**Goal of the exercise**
Using the entries below, restate word for word only the lines from the one with "- [공고 제2025-137호]" to the final line, leaving the pictures out.

**Dataset records**
* * * *

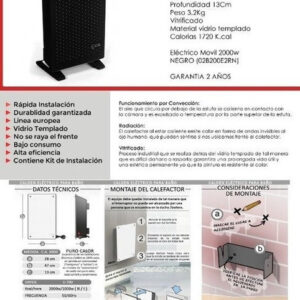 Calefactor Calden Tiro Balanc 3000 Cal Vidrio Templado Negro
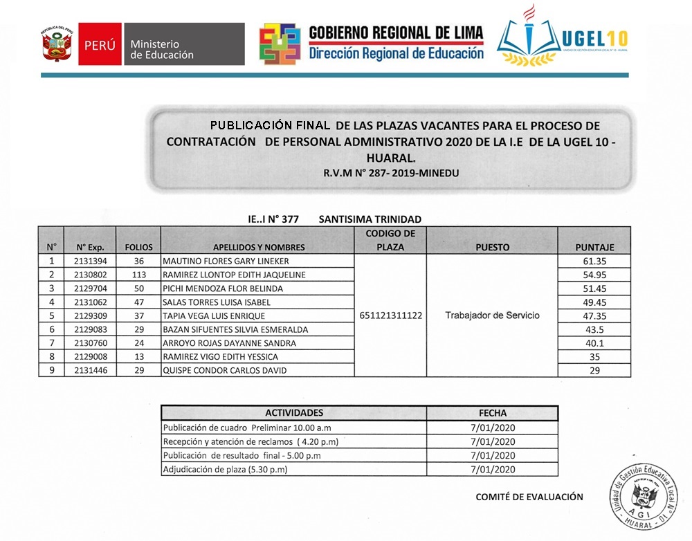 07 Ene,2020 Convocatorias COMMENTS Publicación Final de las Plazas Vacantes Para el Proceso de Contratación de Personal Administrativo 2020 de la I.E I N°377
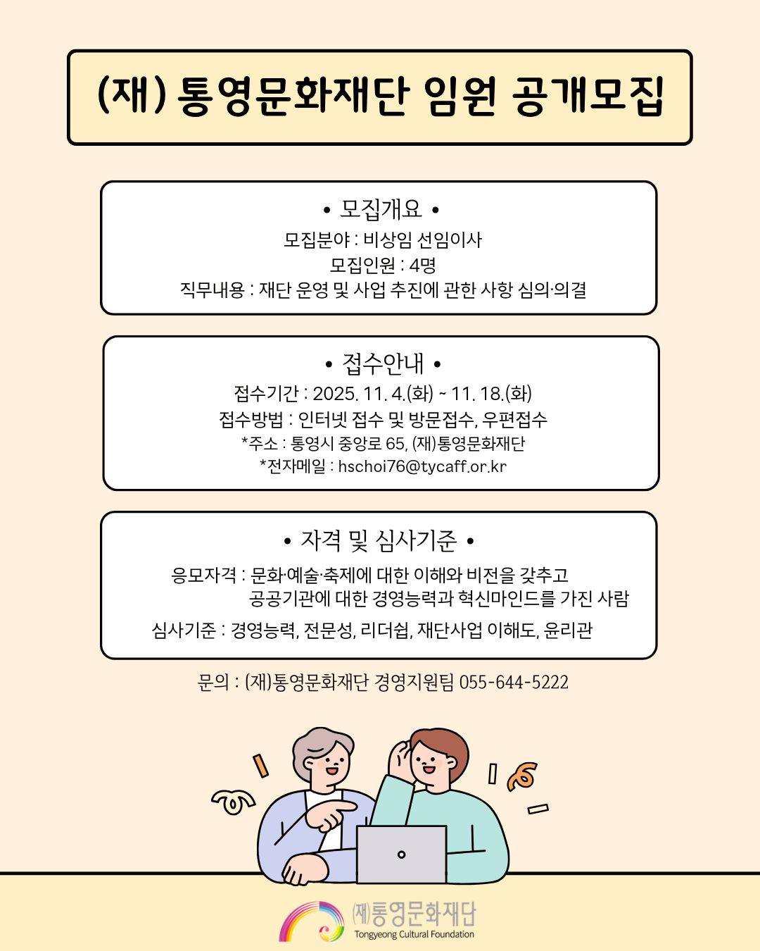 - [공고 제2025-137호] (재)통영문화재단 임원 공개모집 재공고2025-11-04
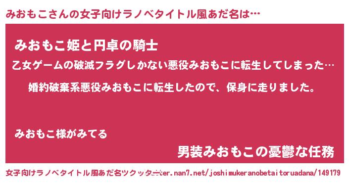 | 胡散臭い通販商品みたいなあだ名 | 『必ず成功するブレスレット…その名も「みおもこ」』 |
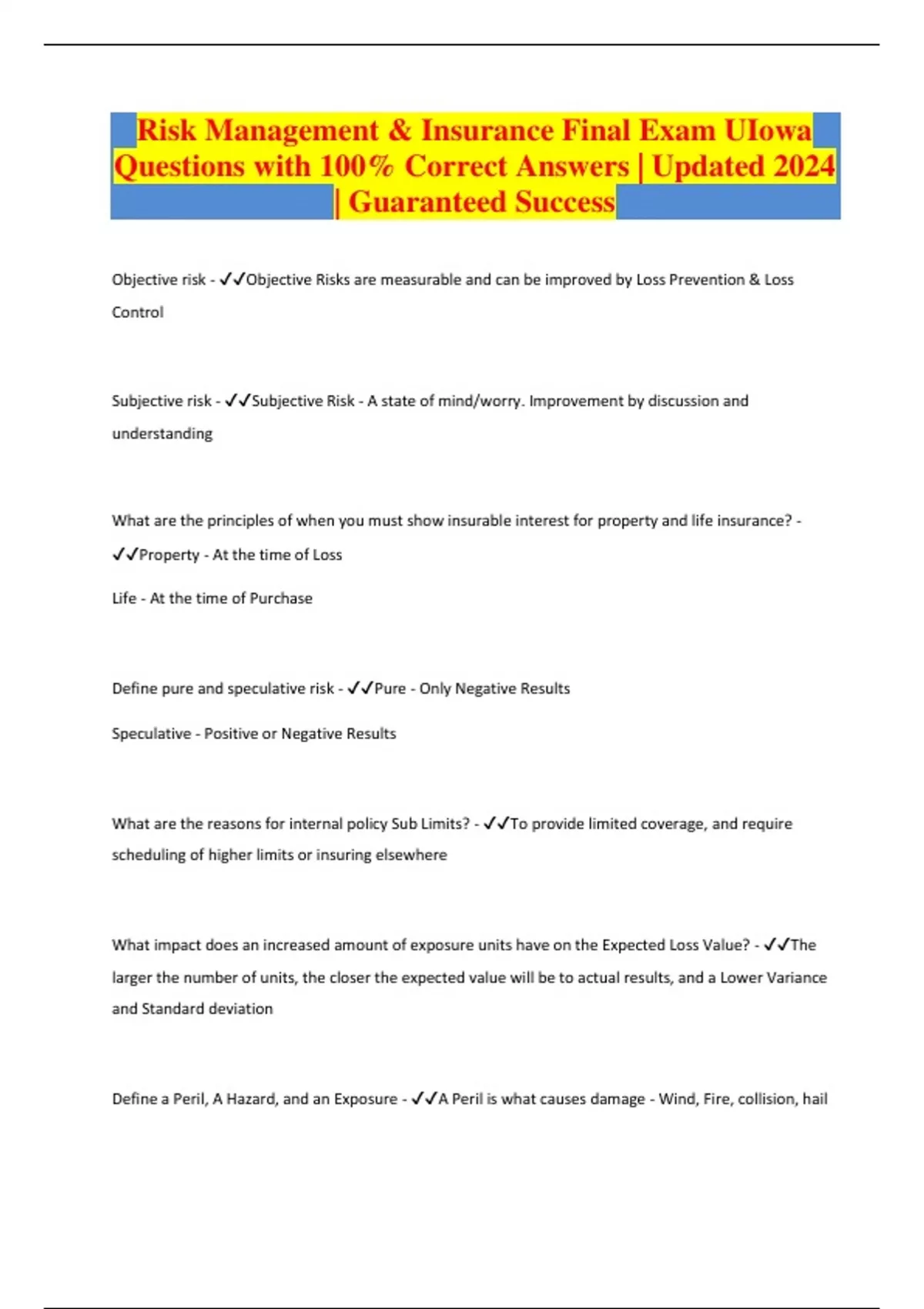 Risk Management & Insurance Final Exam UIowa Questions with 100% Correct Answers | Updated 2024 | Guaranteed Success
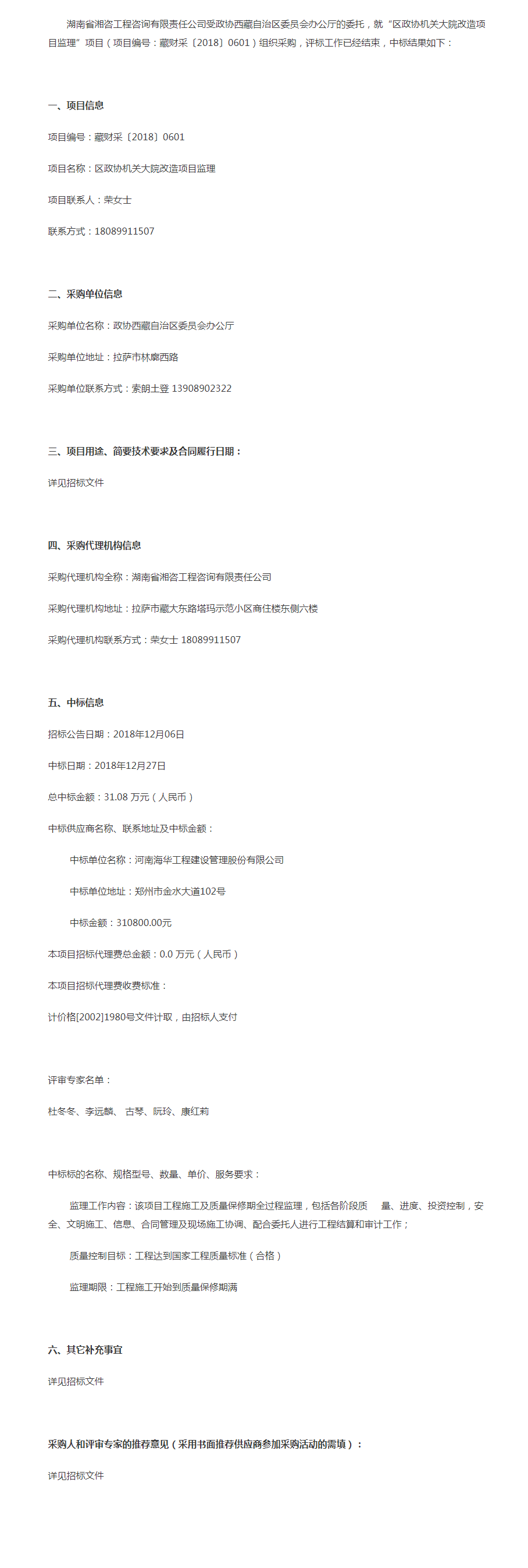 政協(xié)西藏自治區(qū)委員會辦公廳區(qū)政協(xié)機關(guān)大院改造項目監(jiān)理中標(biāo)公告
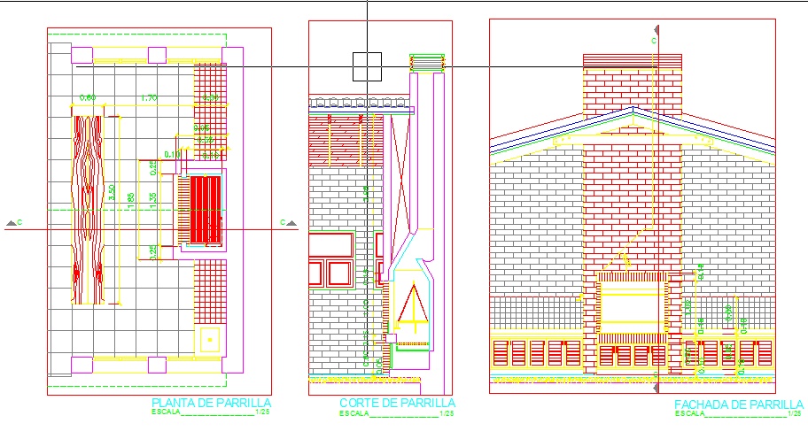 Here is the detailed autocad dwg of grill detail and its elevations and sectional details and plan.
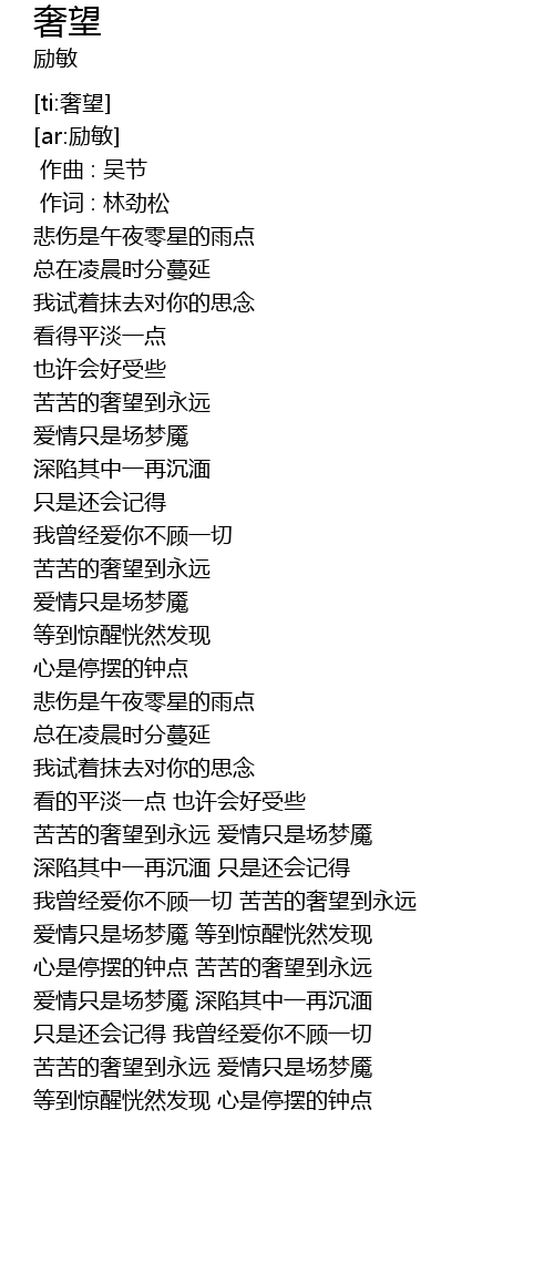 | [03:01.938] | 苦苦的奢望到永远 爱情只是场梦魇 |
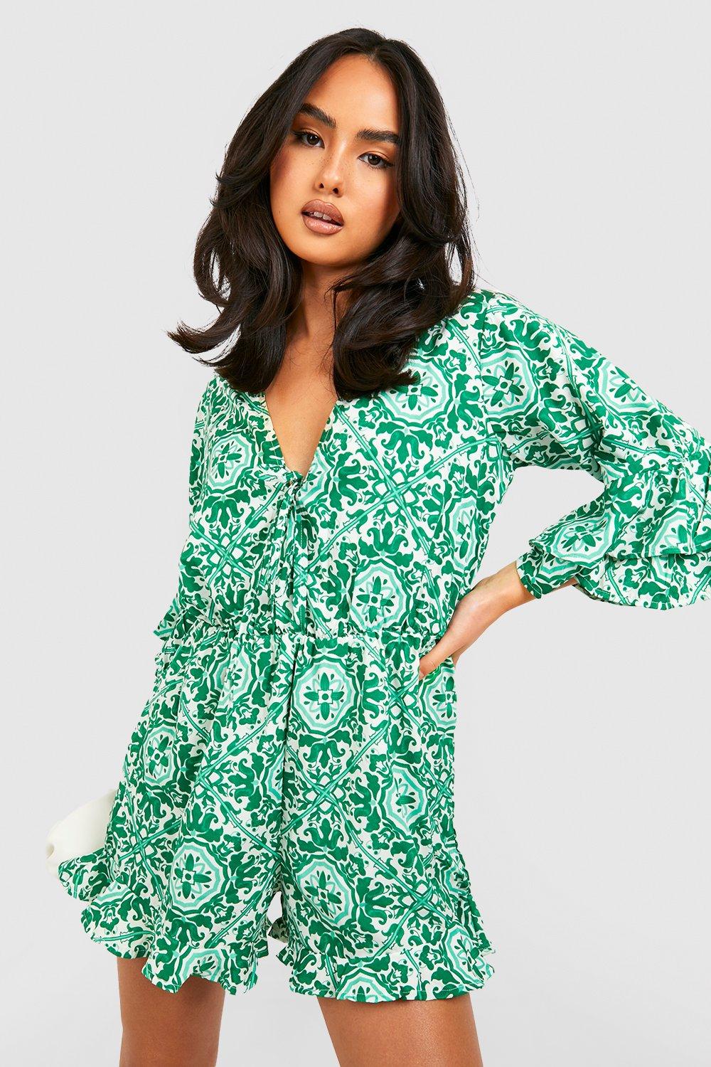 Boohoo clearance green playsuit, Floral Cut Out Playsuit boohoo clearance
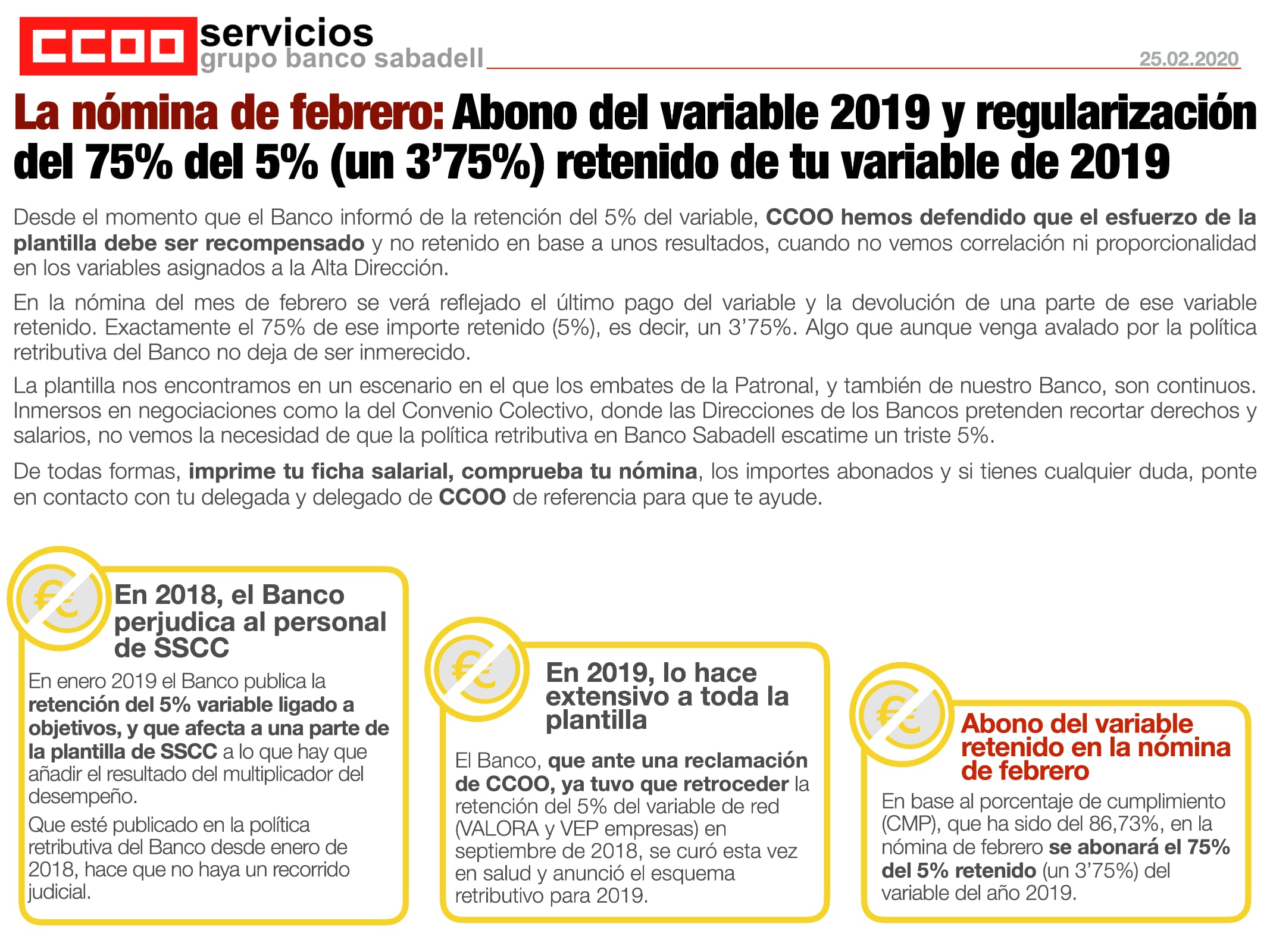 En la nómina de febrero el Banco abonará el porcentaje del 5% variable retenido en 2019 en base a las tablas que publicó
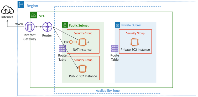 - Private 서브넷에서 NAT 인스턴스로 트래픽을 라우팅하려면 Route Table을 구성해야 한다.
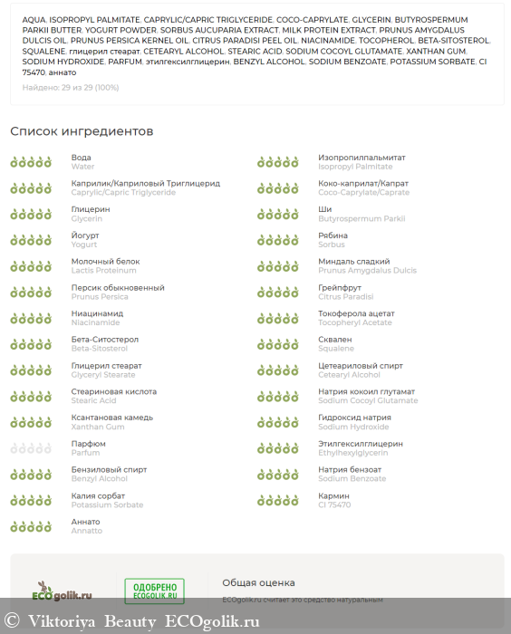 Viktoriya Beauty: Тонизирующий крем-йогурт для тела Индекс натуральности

* * * *

**Output of the task**
 - [공고 제2025-137호] (재)통영문화재단 임원 공개모집 재공고2025-11-04
 | 胡散臭い通販商品みたいなあだ名 | 『必ず成功するブレスレット…その名も「みおもこ」』 |
 Risk Management & Insurance Final Exam UIowa Questions with 100% Correct Answers | Updated 2024 | Guaranteed Success
 政協(xié)西藏自治區(qū)委員會辦公廳區(qū)政協(xié)機關(guān)大院改造項目監(jiān)理中標(biāo)公告
 Here is the detailed autocad dwg of grill detail and its elevations and sectional details and plan.
 | [03:01.938] | 苦苦的奢望到永远 爱情只是场梦魇 |
 Boohoo clearance green playsuit, Floral Cut Out Playsuit boohoo clearance
 En la nómina de febrero el Banco abonará el porcentaje del 5% variable retenido en 2019 en base a las tablas que publicó
 - Private 서브넷에서 NAT 인스턴스로 트래픽을 라우팅하려면 Route Table을 구성해야 한다.
 Viktoriya Beauty: Тонизирующий крем-йогурт для тела Индекс натуральности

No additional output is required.